158 In this instance, it cannot be denied that the applicant provided, by its 9 July 1999 statement, evidence of such a kind in relation to the vitamin B5 cartel. The statement included a detailed description of the cartel, including, in particular, details about the establishment and duration of the cartel, its members and their reasons for participating, its guiding principles (a budget system intended to achieve the division of sales, concerted price increases and the exchange of information), and a very detailed account of the numerous contacts and meetings to have taken place throughout the period of the infringement, showing where and when they took place, what they were about and who took part in them. It also attached documents showing, with examples and figures, the operation of the budget system and the concerted price increases. Indeed, as the applicant has rightly pointed out, the description of the vitamin B5 infringement in the Decision is essentially based on the material provided by the applicant.

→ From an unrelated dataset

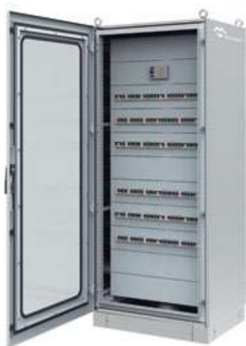
CAJAS Y ARMARIOS ELÉCTRICOS DE DISTRIBUCIÓN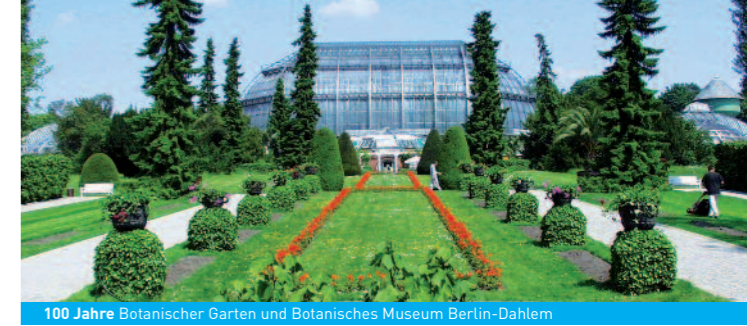
100 Jahre Botanischer Garten und Botanisches Museum Berlin-Dahlem

200.000 Menschen studieren, lehren und forschen in Berlin

159 In those circumstances, the applicant is justified in pointing out that the question whether the undertaking to have been the first to adduce decisive evidence was in fact Roche or BASF, rather than the applicant, is to be resolved by reference solely to the material which Roche and BASF had provided to the Commission as at 9 July 1999. The defendant itself, in its defence, explained the remark made in the first sentence of recital 743 of the Decision, claiming that the first decisive evidence of the vitamin B5 cartel’s existence had been provided by BASF in its letters of 15 and 23 June 1999 and by Roche in its letter of 22 June 1999.

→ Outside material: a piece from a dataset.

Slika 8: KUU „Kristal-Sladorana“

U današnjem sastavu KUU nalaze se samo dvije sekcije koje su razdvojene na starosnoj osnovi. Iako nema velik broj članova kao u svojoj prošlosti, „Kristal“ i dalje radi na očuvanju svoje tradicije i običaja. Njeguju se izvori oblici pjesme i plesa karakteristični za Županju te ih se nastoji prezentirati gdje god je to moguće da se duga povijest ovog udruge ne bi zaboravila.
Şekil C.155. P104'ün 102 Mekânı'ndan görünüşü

160 In that connection, it must be held that the material produced by BASF as at 25 June 1999 (that provided by the letters of 15 and 23 June 1999) as it appears from the file in these proceedings, can certainly be regarded as capable of constituting the principal evidence for a finding that a cartel existed in the vitamin B5 market and, consequently, as in any event preventing the applicant from meeting the condition in Section B(b) of the Leniency Notice.

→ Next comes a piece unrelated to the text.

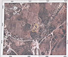
ΑΓΟΣΠΑΣΜΑ ΧΑΡΤΗ ΑΓΡΙΟ ΚΥΜΑΤΟΛΟΓΙΟ Α.Ε. (http://grio.kymatoloi.gr/wms/ktismasmap/default.asp)

161 Indeed, the letter of 15 June 1999 discloses, in addition to the members of the cartel, information about certain meetings in the initial phase of the cartel, including the places (Basel and Tokyo) where those meetings were held and the names of the persons who attended. It shows the names of the persons involved in the unlawful actions, the fact that the cartel had quarterly meetings and the general import of the agreements (quota allocation, monthly exchanges of information on sales volumes, price increases) and identifies as the infringement period the period running from 1992 until the end of 1998, in other words a period encompassing almost the whole of the period of the infringement as found in the Decision. Furthermore, the letter of 23 June 1999 provides, in its annexes, figures concerning, inter alia, the quotas allocated to the cartel members for the years 1995 and 1996 and a table of list prices and minimum prices as at 1 April 1994, figures which give further details about, and support, the description in the letter of 15 June 1999 of the unlawful actions.
162 The conclusion set out at paragraph 160 above is not undermined by the fact that the precise duration of the infringement as found in the Decision is not identified by the material provided by BASF as at 25 June 1999, since the condition in Section B(b) of the Leniency Notice does not require the undertaking in question to provide evidence concerning all the findings of fact in the Commission’s decision. Nor is that conclusion undermined by the fact that, in the Decision, the Commission made greater use of the material provided by the applicant than of that provided by BASF.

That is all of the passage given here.